A Florida doctor has been charged with first-degree murder for allegedly improperly prescribing the painkiller OxyContin to a man who died of a drug overdose in February. Doctor Denis Deonarine was charged with racketeering and with trafficking a controlled substance in an 80-count indictment that remains under court seal.

"We are dealing with the pharmaceutical equivalent of the atomic bomb," says the victim's attorney, Jack Scarola. "From the outset everyone involved in the chain of distribution of this drug has failed to recognize its potency and its potential for abuse."

Now Deonarine--a board-certified family physician--is the first doctor charged with first-degree murder for inappropriately prescribing OxyContin. It's a charge that could carry the death penalty.

But it may only be the latest tactic in the fight against the skyrocketing illegal use of OxyContin--a drug so addictive and so in demand on the street that robbers raid pharmacies for it rather than money. Six states have made it more difficult to prescribe and its manufacturer, Purdue Pharma, faces 12 class-action lawsuits. Still, the case against Deonarine is an unusual one.

"I think it's absurd, and you can you just imagine what the legal implications would be if you start blaming doctors every time a patient abuses a medication that they get," says Richard Lubin, the doctor's attorney.

The patient, Michael Labzda, did have alcohol and other drugs in his bloodstream, but the state attorney argues he should never have had the OxyContin in the first place and that there's only one person to blame for that.

"I don't want this to be any kind of warning shot across anyone's bow. We're not taking on the medical community. We're not taking on the drug . . . we're taking on one doctor who inappropriately prescribed it," says Barry Krischer, Palm Beach County state attorney.

But this case could very well be a warning. Several more OxyContin overdose deaths are now under investigation in Palm Beach County alone, and authorities say not all of them were this doctor's patients.

Richard Lubin discussed the case against his client in an interview with the Early Show.

Lubin says he feels that this charge is meritless. The state is charging the doctor with felony murder--saying that the death resulted from the doctor prescribing drugs. In defense, he will argue that this was not drug trafficking and did not occur during drug trafficking.
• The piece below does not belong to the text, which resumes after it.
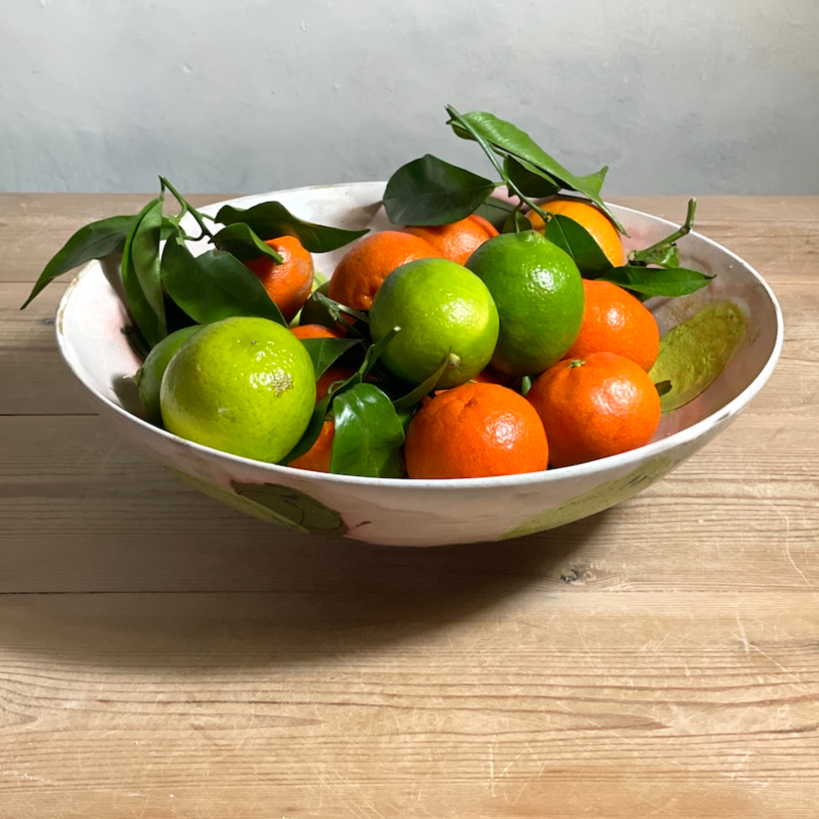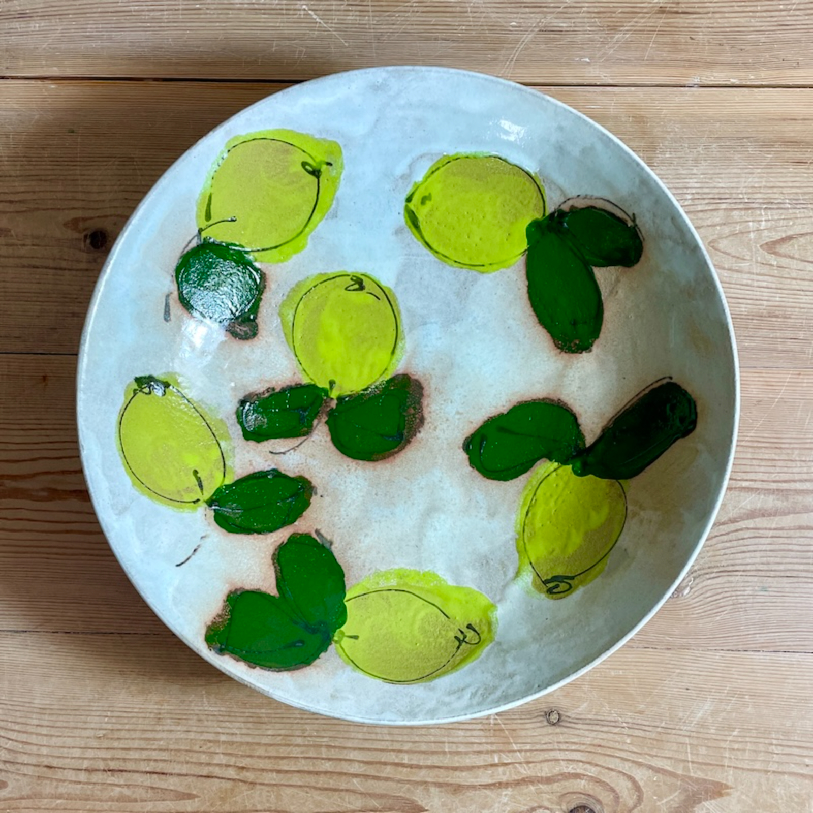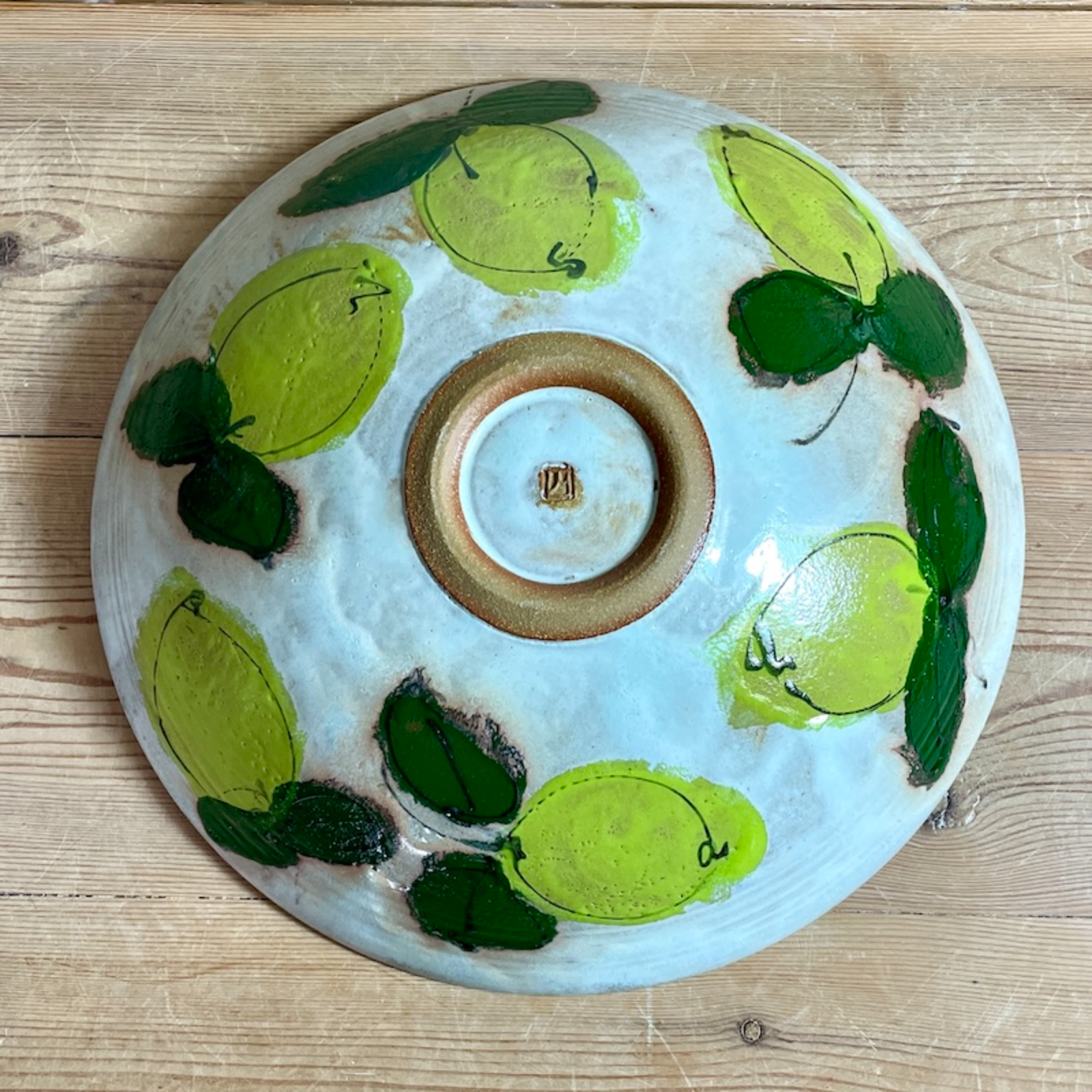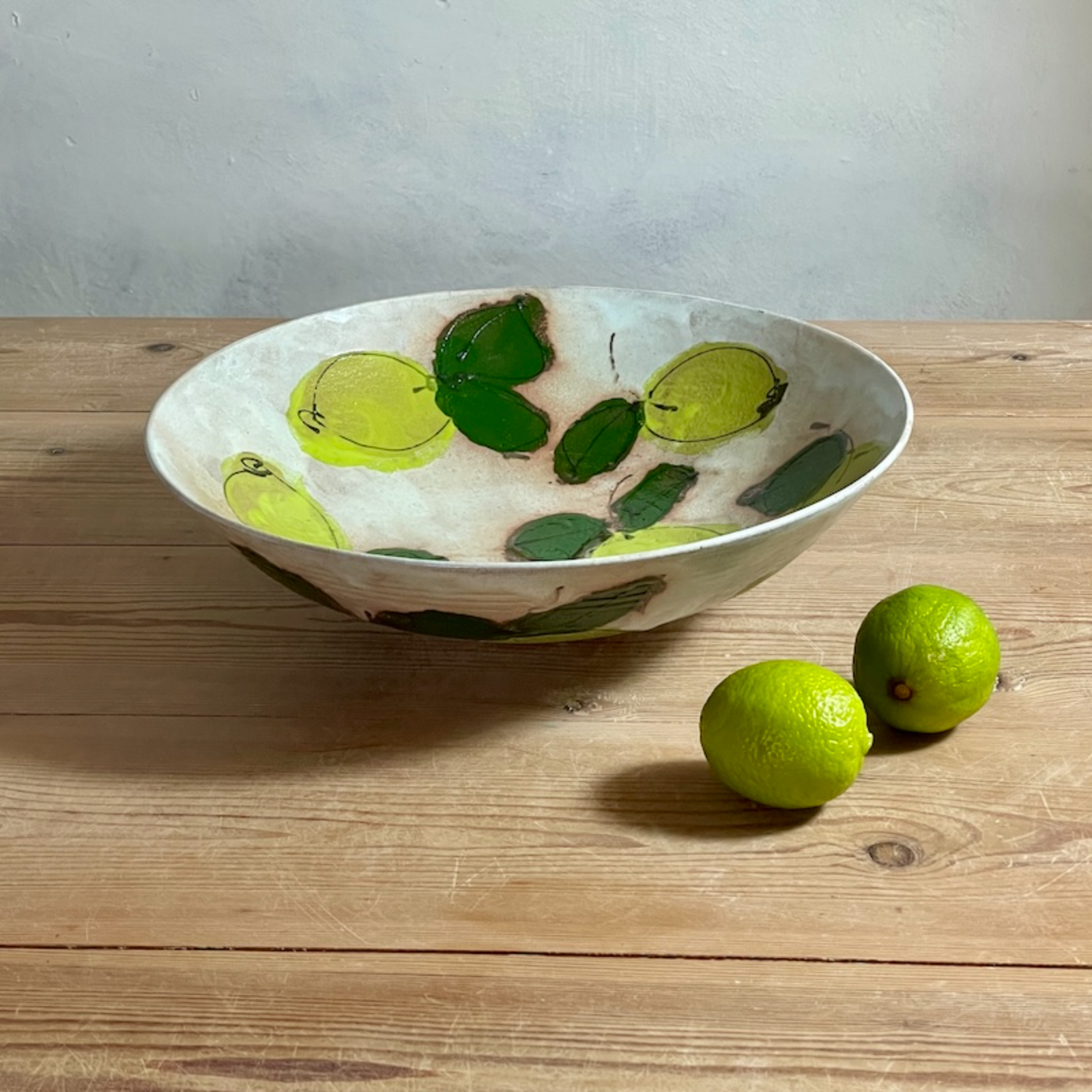 Wheelthrown bowl in a toasty stoneware clay with rustic chun glaze and hand painted and drawn lime and leaf motif on the interior and exterior. Great size for salads, fruit and of course limes.

Lubin will argue: How can this be drug trafficking when a doctor sees a patient and then writes a prescription for that patient?

Lubin thought that the state would have sooner charged the doctor with gross negligence (insofar as the doctor prescribed medicine when his patient had a history of drug possession), but Lubin feels that felony murder is farfetched.

Lubin also pointed out that there is a doctor/patient relationship and it would be outrageous to assume that doctors are liable if their patients ake the prescribed medication with other drugs or alcohol . . . all in violation of pain management agreements.